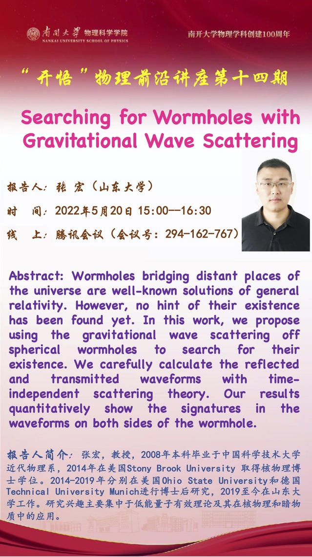 【“开悟”物理前沿讲座(第 14 期)】Search for Wormholes with Gravitational Wave Scatterting
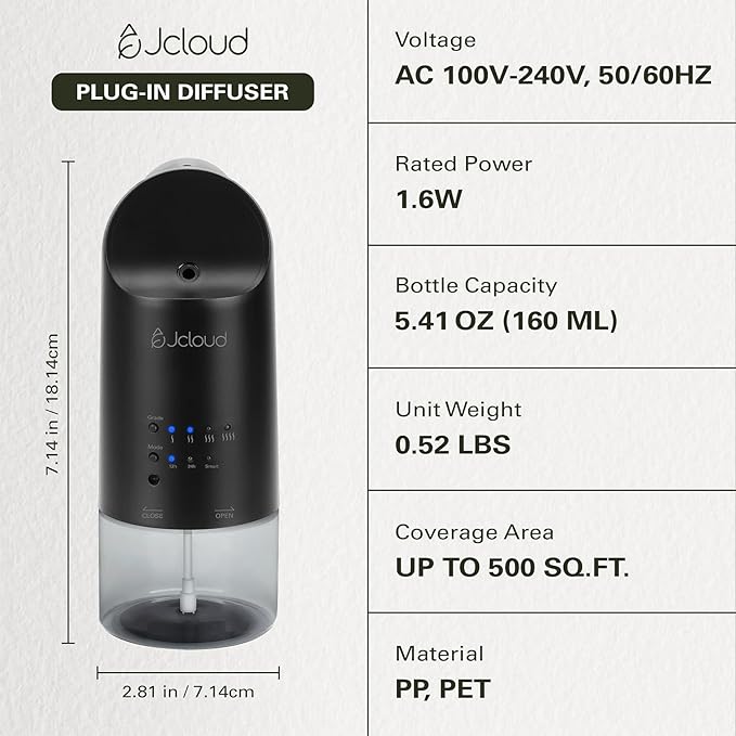 - SIMPLE SETUP FOR INSTANT ENJOYMENT: No apps or complicated settings needed! Simply fill the JCLOUD diffuser, plug it in, choose your preferred mode and intensity, and enjoy your aromatic experience. The button-controlled interface makes it incredibly easy to use, even for first-time users.
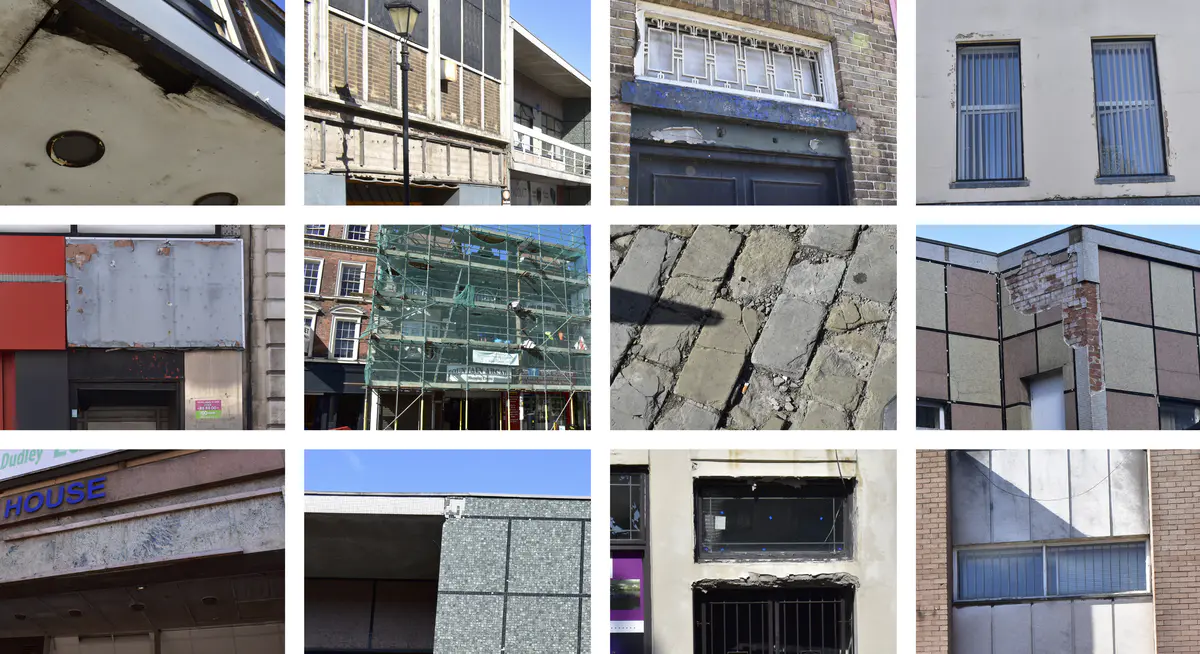 There was a familiar aesthetic regarding the buildings during the initial site visit to Dudley High Street. However, a large proportion of the façades that look onto the street have noticeable damage, graffiti or structural issues.
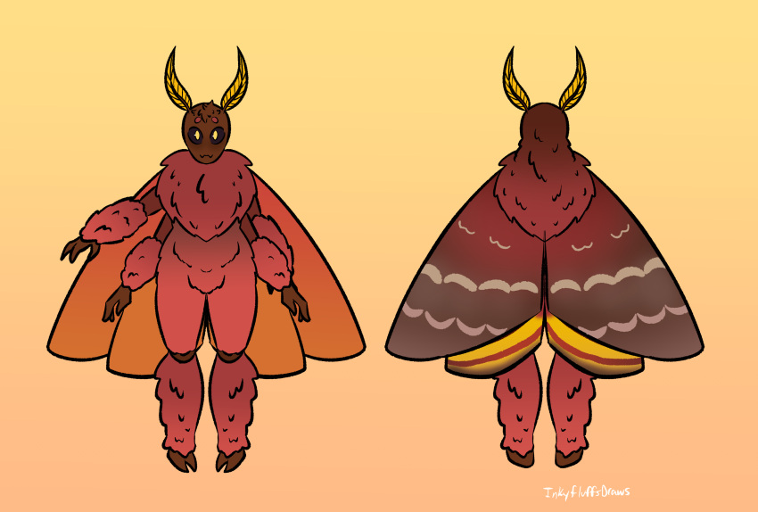 Tags: 1boy1maleantennae (anatomy)anthrobrown furbrown hairfluffyfluffy chestfurimageboardinkyfluffdrawsinsectsleg tuftlepidopteranmalemale onlymothmultiple armsred furreference sheetRule34simple backgroundsolowings
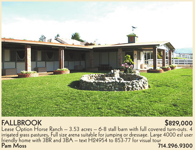 FALLBROOK $829,000 Lease Option Horse Ranch – 3.53 acres – 6-8 stall barn with full covered turn-outs. 4 irrigated grass pastures, Full size arena suitable for jumping or dressage. Large 4000 esf user friendly home with 3BR and 3BA – text H24954 to 853-77 for visual tour Pam Moss 714.296.9300
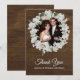 Elegante carta de agradecimiento de boda de moda rústica de estilo plano, con la foto de su personalizado enmarcada con gráficos de una corona floral del aliento del bebé sobre un fondo de madera oscura. Personalice el texto blanco del personalizado y reemplace la foto de ejemplo con la suya propia. Hay productos bodas que coinciden.

- _Work instruction_
Please set down, exactly and with no pictures, the lines in the entries above starting at the one holding "There was a" and ending at the one holding "FALLBROOK $829,000 Lease", ends included.

- _Response for this exercise_
 There was a familiar aesthetic regarding the buildings during the initial site visit to Dudley High Street. However, a large proportion of the façades that look onto the street have noticeable damage, graffiti or structural issues.
 Tags: 1boy1maleantennae (anatomy)anthrobrown furbrown hairfluffyfluffy chestfurimageboardinkyfluffdrawsinsectsleg tuftlepidopteranmalemale onlymothmultiple armsred furreference sheetRule34simple backgroundsolowings
 FALLBROOK $829,000 Lease Option Horse Ranch – 3.53 acres – 6-8 stall barn with full covered turn-outs. 4 irrigated grass pastures, Full size arena suitable for jumping or dressage. Large 4000 esf user friendly home with 3BR and 3BA – text H24954 to 853-77 for visual tour Pam Moss 714.296.9300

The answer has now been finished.